Naturally, the Washington blues coterie wondered what Meeks saw in the emasculated blues singer. “When we found out he’d run off with a new woman, we were just dumbfounded,” said Louisa. “I mean, we were young, and we thought, “Wow, mind over matter.’ ”

That winter, Mable was evicted from the Dupont Circle apartment, and the furniture was piled outside the building. Among the abandoned belongings stood the piano. Washington—the site of James’ supposed comeback—turned out to be just like any other town: a place for Skippy James to leave behind.

He never made it out of Philadelphia. His cancer continued to spread, and in late ’68, doctors removed his testicles and the remains of his penis.

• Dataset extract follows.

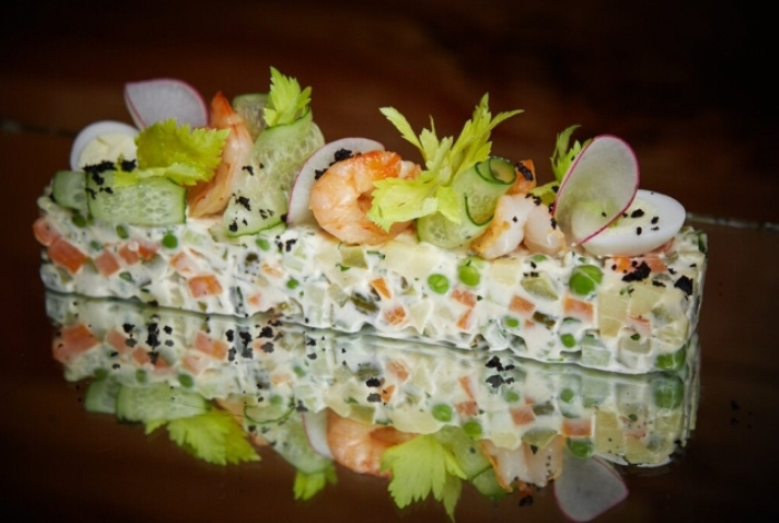 Редактор и многодетная мать Людмила Чиркова решила освоить чудеса красивой подачи оливье, и у нее это получилось, передает Sports.kz со ссылкой на Мel.fm. Оливье в нашей семье — яблоко раздора. Папе подавай оливье без морковки, но с луком, средняя ест его только с морковкой и свежим огурцом, младший любит, когда добавляют яблоко, старшая предпочитает оливье с колбасой. Хорошо, что в декабре я случайно оказалась на кулинарном мастер-классе и там научилась готовить оливье, который нужно подавать каждому отдельно. Собирается за пару минут, а эффект производит невероятный. И да, рецепт самого салата там тоже предложили альтернативный — его и возьмем как компромиссный вариант. Ингредиенты: Картофель беби — 1 кг; Яйца перепелиные — 2 десятка; Королевские креветки — по 1 шт. на порцию; Копченая курица — 600–700 г; Свежие огурцы длинные — 4 шт.; Майонез; Копченая паприка, розмарин, соль, перец; Растительное масло. Перепелиные яйца отвариваем до готовности. И аккуратно очищаем, чтобы они были ц

James could barely afford medical treatment. After leaving Washington, he put out three more records. All three met with critical acclaim, and all three logged disappointing sales. James would have preferred commercial success: “I can’t live on air puddings,” he told Calt.

But just as James was on the brink of destitution, he began receiving royalties from his song “I’m So Glad,” covered by the British rock trio Cream on its debut album, Fresh Cream. Guitarist Eric Clapton made sure that the dying blues singer got his payments, which mostly went to pay his hospital bills. (Ironically, James’ song was itself a cover of sorts: He had transformed a tepid Tin Pan Alley tune, “I’m So Tired,” into a delirious guitar-picking tour de force.)

Louisa Spottswood and her whippet often visited the ailing bluesman. He married Lorenzo Meeks on his deathbed. (“I think it was really a love match after all,” says Louisa.) Meeks died in 1977, and the couple are buried under a single tombstone in Philadelphia.

One October afternoon in 1969, Spottswood had just returned from visiting James in Philadelphia. Their last meeting had been at the ’67 Folk Life Festival in Washington, when the singer’s healthy plumpness had surprised Spottswood: “I still had this vision of him as a gaunt, gray-haired guy with a little bit of a stoop and really intense glare.”

Now, though, he found himself listening to one of James’ ’60s gospel songs—one of the few spirituals James had recorded.

Haunted by a verse, Spottswood played the record again and again. Back at James’ Mississippi sick bed, when pilgrims came to pay him homage, the bluesman had envisioned “a thousand people standing by my bedside.”

But in this song, he sang of himself, humbled, on a pilgrimage of his own. This time, James pictured himself as part of the nameless, mortal multitude, among “many a thousand trying to get home.”

Spottswood later found out that James died that afternoon. “I thought, you bastard, you really touched my life once more, didn’t you?”